-- Dataset content --

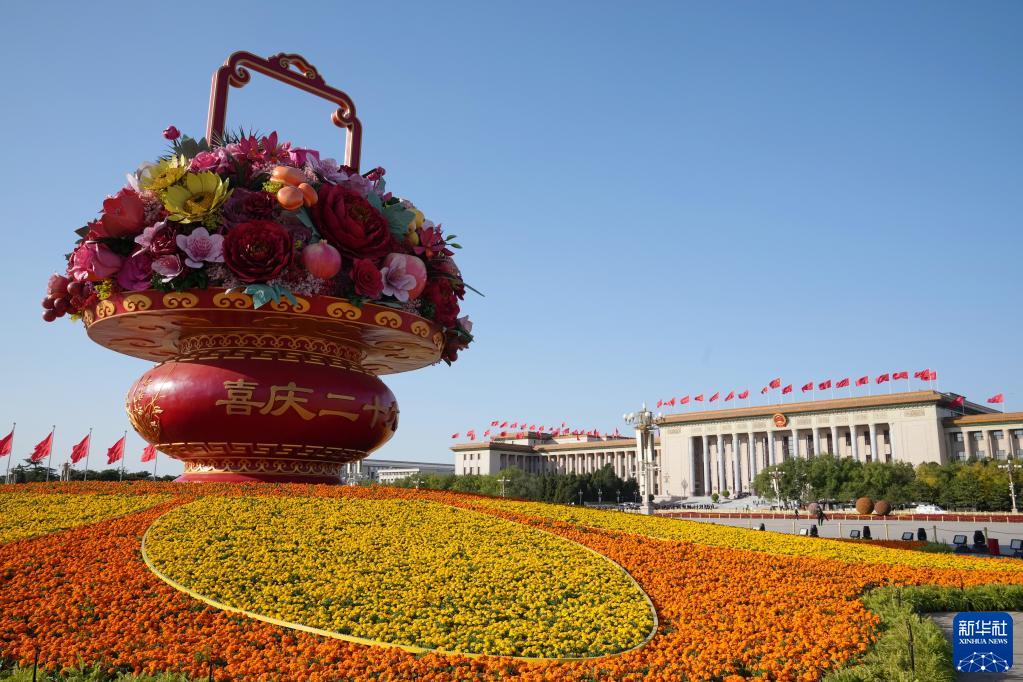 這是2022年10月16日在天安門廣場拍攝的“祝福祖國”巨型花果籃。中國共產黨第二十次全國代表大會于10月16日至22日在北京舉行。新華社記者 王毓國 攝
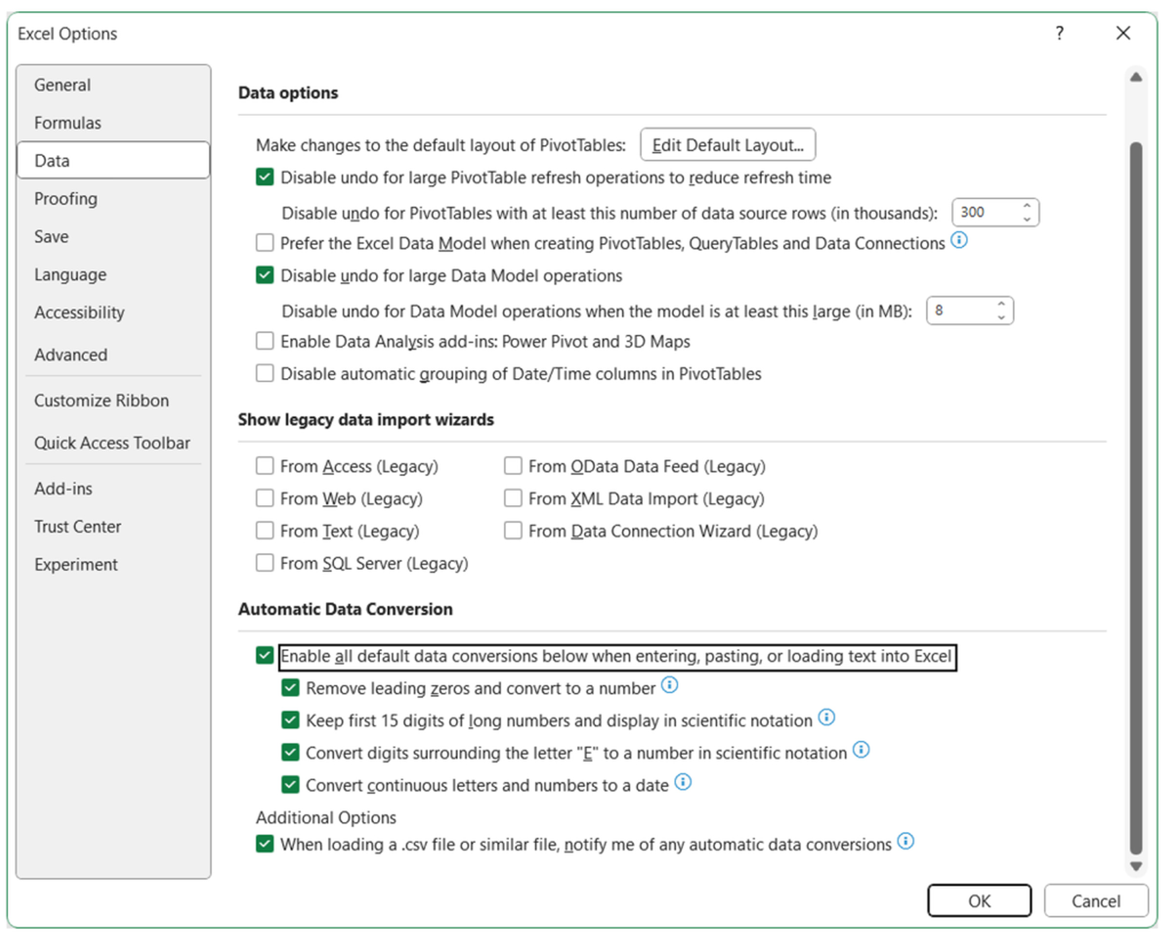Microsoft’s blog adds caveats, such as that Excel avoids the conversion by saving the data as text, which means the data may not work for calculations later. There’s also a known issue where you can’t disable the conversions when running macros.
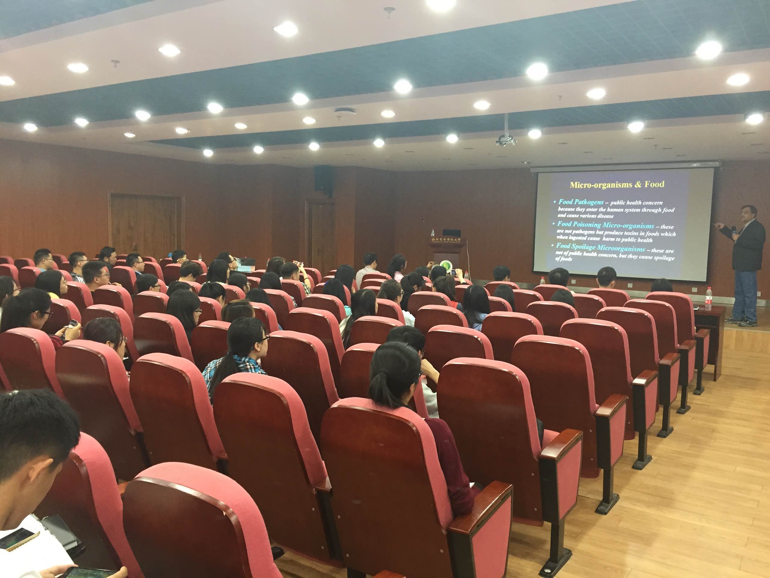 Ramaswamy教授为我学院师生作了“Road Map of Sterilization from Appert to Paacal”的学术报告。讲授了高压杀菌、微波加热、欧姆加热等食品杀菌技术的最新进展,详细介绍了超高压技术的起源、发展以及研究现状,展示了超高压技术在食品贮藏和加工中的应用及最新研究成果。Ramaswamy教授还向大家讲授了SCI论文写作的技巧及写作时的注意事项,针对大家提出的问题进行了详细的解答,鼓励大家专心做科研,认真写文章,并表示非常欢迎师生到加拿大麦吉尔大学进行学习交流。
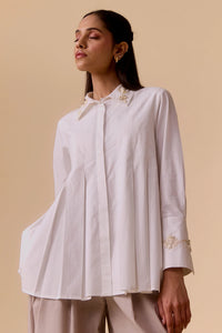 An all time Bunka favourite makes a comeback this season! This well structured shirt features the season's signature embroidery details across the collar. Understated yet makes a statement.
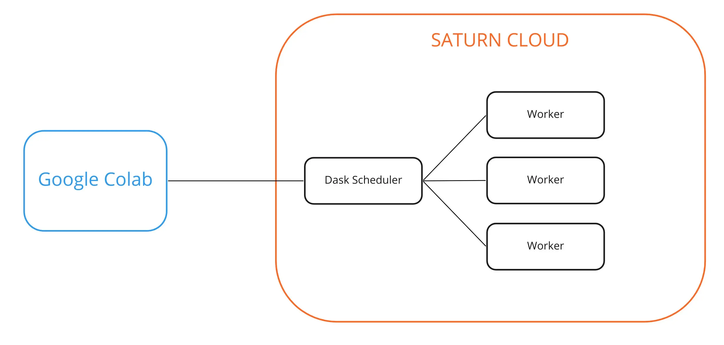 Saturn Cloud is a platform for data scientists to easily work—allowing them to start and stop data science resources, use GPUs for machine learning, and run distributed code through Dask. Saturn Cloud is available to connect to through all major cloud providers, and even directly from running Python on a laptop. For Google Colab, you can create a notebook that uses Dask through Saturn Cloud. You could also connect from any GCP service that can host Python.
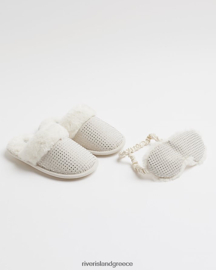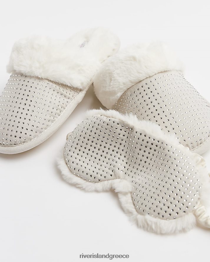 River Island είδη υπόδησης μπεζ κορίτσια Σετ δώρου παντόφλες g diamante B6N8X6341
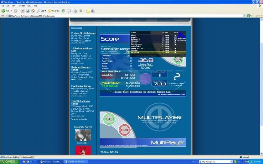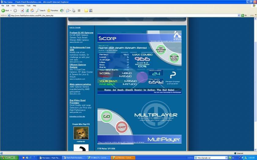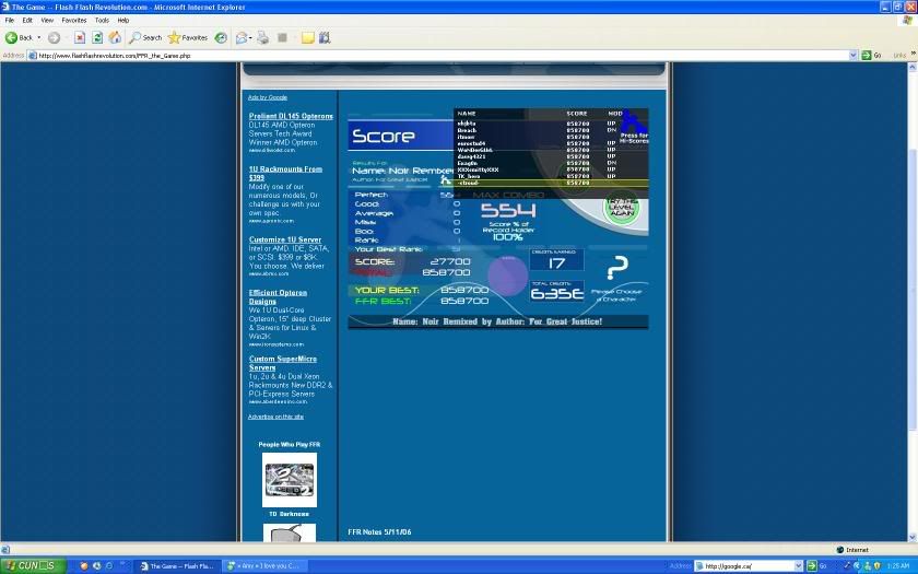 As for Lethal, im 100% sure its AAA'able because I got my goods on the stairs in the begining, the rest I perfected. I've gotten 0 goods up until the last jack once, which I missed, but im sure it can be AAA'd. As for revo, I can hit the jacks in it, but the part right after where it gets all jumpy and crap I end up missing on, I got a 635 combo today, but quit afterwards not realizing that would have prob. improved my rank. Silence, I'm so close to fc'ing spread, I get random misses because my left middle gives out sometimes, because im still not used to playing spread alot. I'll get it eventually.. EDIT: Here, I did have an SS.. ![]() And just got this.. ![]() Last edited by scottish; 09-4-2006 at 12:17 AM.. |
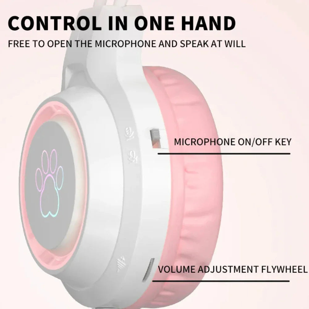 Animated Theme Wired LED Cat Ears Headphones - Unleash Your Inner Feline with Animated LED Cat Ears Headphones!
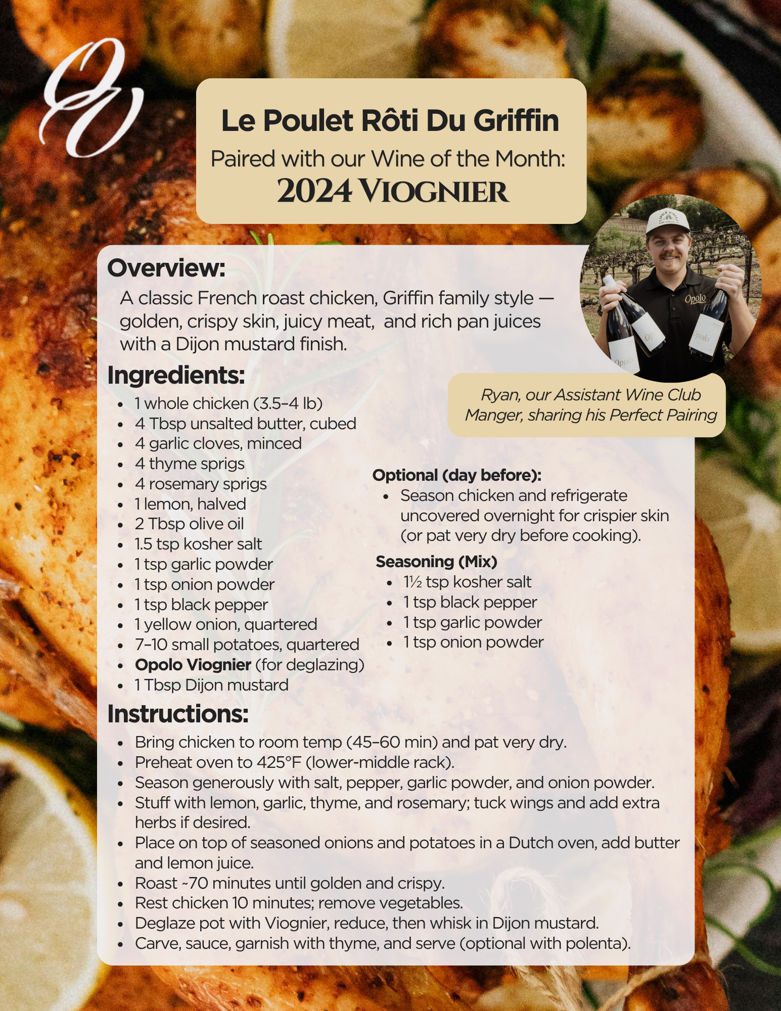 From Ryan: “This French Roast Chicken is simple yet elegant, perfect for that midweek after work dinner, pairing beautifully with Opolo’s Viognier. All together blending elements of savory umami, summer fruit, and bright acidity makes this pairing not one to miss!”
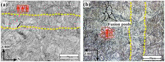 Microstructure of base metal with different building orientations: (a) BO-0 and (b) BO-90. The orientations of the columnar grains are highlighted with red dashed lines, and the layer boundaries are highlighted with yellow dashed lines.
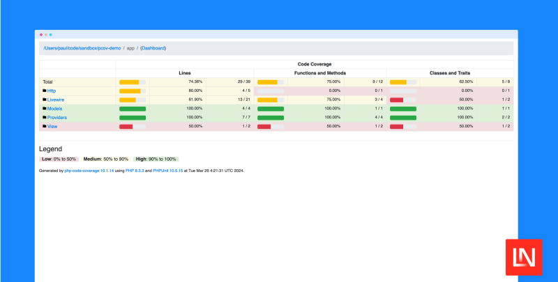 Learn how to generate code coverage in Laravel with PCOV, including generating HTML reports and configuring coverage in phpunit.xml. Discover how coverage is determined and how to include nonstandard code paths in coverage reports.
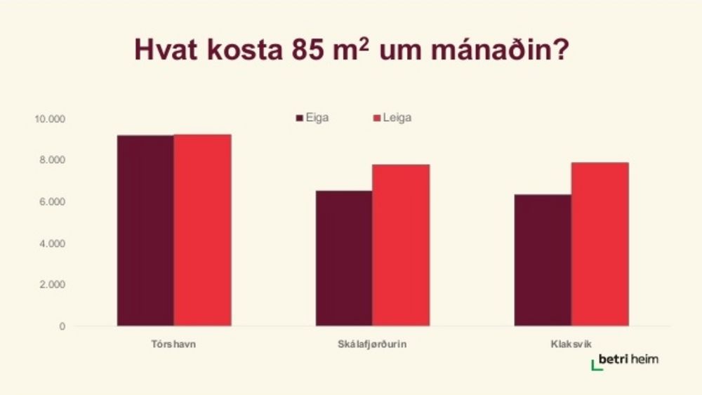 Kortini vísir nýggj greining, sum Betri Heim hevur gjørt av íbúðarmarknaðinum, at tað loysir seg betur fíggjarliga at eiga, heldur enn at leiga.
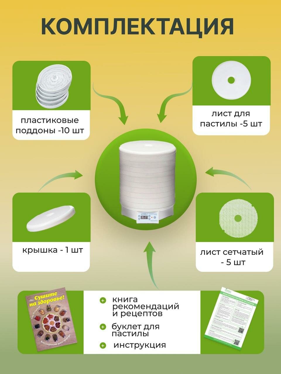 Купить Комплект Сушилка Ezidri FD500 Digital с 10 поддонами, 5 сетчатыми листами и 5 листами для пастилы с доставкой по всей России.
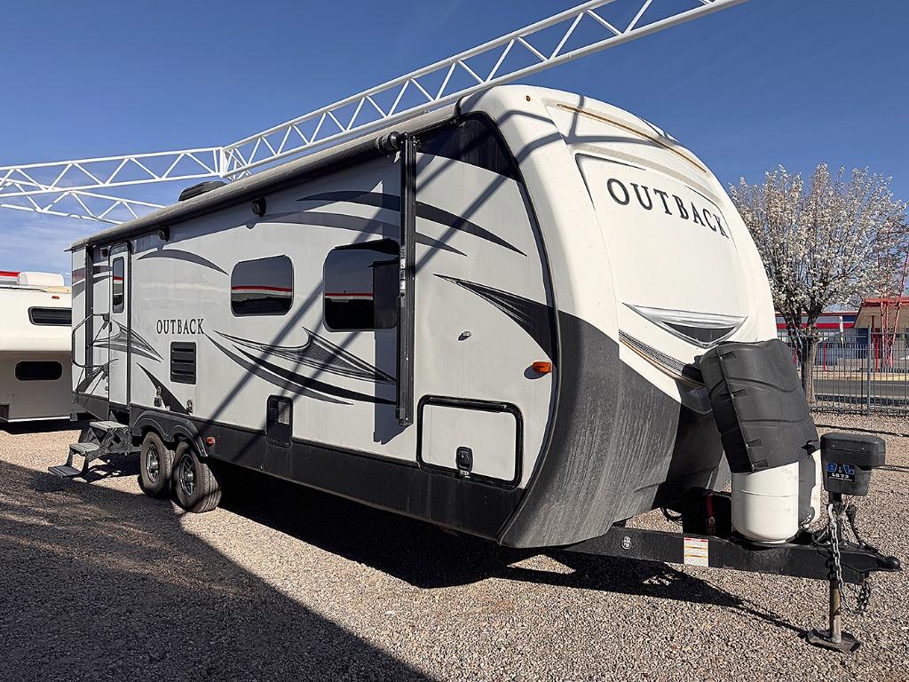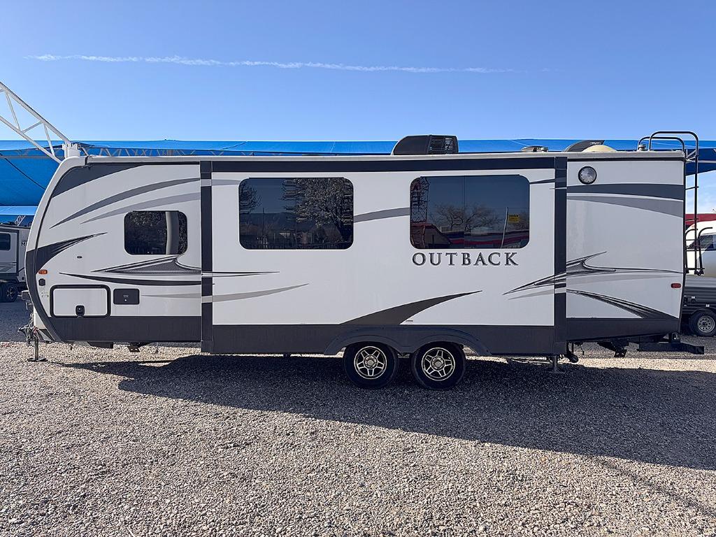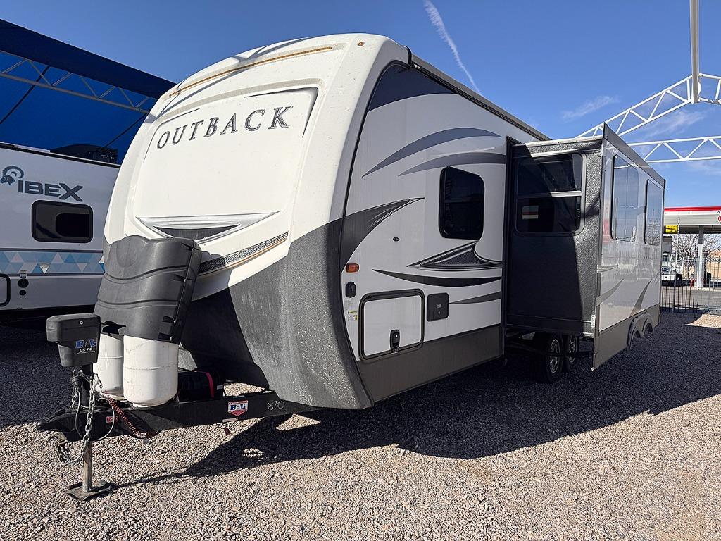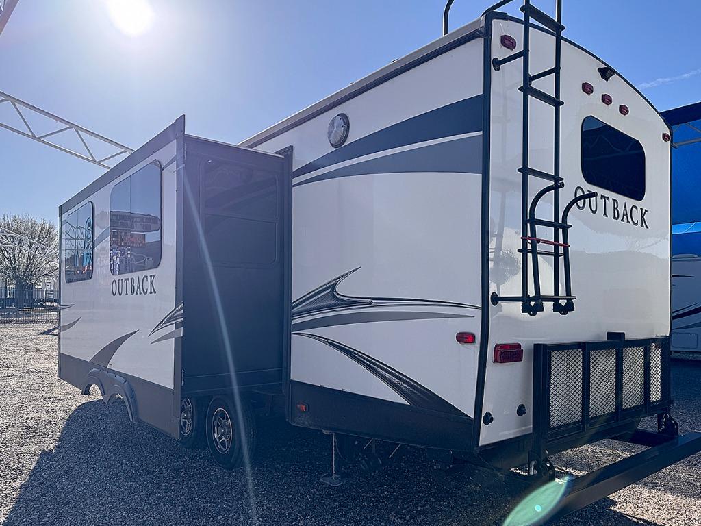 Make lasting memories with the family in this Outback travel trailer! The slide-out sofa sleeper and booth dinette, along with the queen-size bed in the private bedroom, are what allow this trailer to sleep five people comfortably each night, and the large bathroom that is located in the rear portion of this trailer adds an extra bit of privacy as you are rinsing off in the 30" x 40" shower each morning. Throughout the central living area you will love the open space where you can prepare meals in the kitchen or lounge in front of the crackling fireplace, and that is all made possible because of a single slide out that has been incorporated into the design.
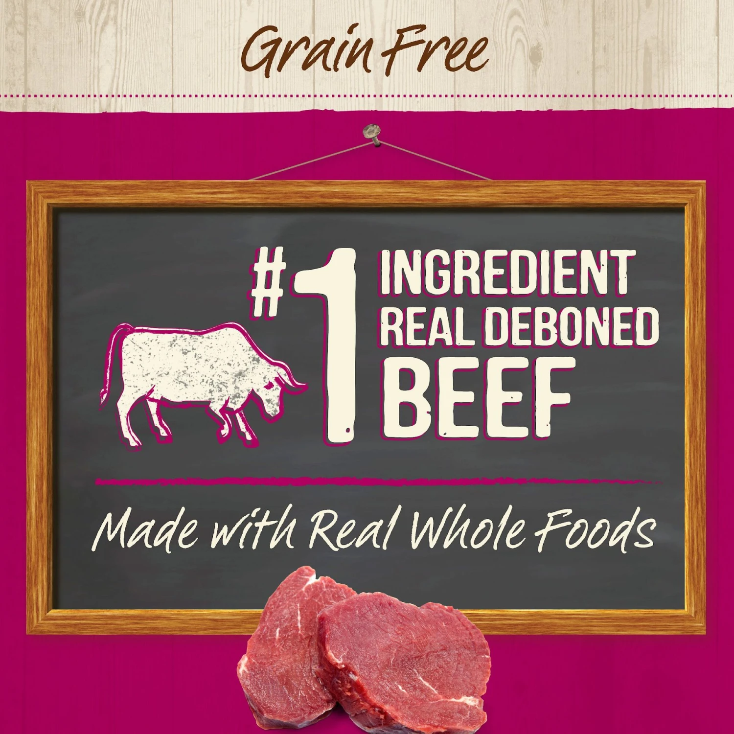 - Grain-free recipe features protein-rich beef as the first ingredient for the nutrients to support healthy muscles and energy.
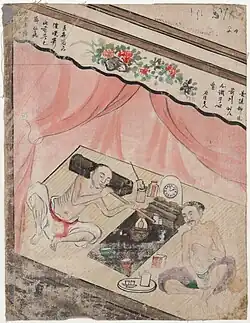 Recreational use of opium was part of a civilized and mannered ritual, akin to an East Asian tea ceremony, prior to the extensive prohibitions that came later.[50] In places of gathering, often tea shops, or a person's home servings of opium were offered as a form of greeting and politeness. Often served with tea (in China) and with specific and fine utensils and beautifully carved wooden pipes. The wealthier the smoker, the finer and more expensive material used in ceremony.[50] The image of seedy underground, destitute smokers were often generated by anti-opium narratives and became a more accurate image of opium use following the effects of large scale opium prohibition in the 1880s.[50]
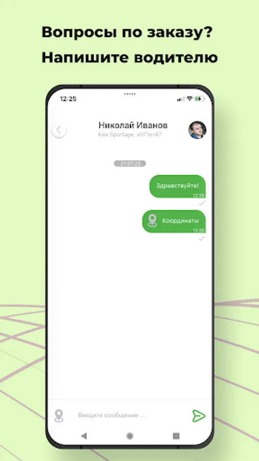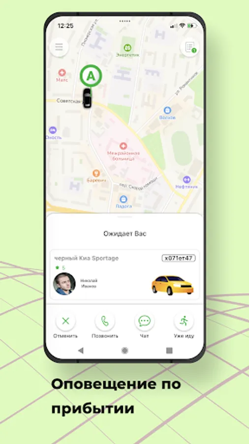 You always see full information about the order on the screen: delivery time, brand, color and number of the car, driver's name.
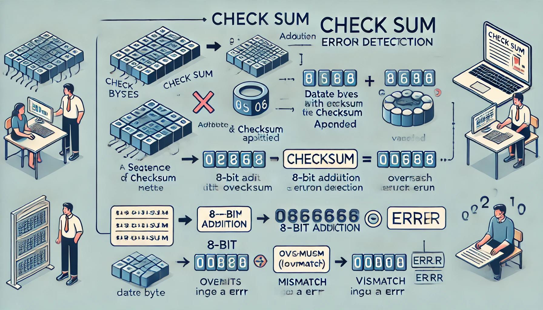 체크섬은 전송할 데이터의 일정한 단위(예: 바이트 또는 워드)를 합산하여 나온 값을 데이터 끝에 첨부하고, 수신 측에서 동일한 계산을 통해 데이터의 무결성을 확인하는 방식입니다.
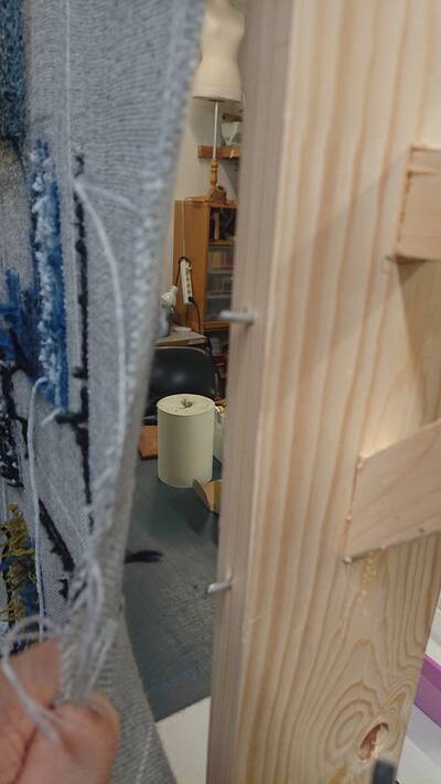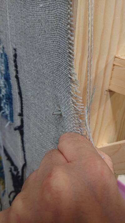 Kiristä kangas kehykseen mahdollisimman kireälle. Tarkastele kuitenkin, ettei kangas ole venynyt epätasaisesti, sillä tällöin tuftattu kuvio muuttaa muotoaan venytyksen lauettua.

-- Exercise objective --
With pictures left out, extract the lines from the one containing "You always see" to the end of the material above, both included, exactly as written.

-- Result --
 You always see full information about the order on the screen: delivery time, brand, color and number of the car, driver's name.
 체크섬은 전송할 데이터의 일정한 단위(예: 바이트 또는 워드)를 합산하여 나온 값을 데이터 끝에 첨부하고, 수신 측에서 동일한 계산을 통해 데이터의 무결성을 확인하는 방식입니다.
 Kiristä kangas kehykseen mahdollisimman kireälle. Tarkastele kuitenkin, ettei kangas ole venynyt epätasaisesti, sillä tällöin tuftattu kuvio muuttaa muotoaan venytyksen lauettua.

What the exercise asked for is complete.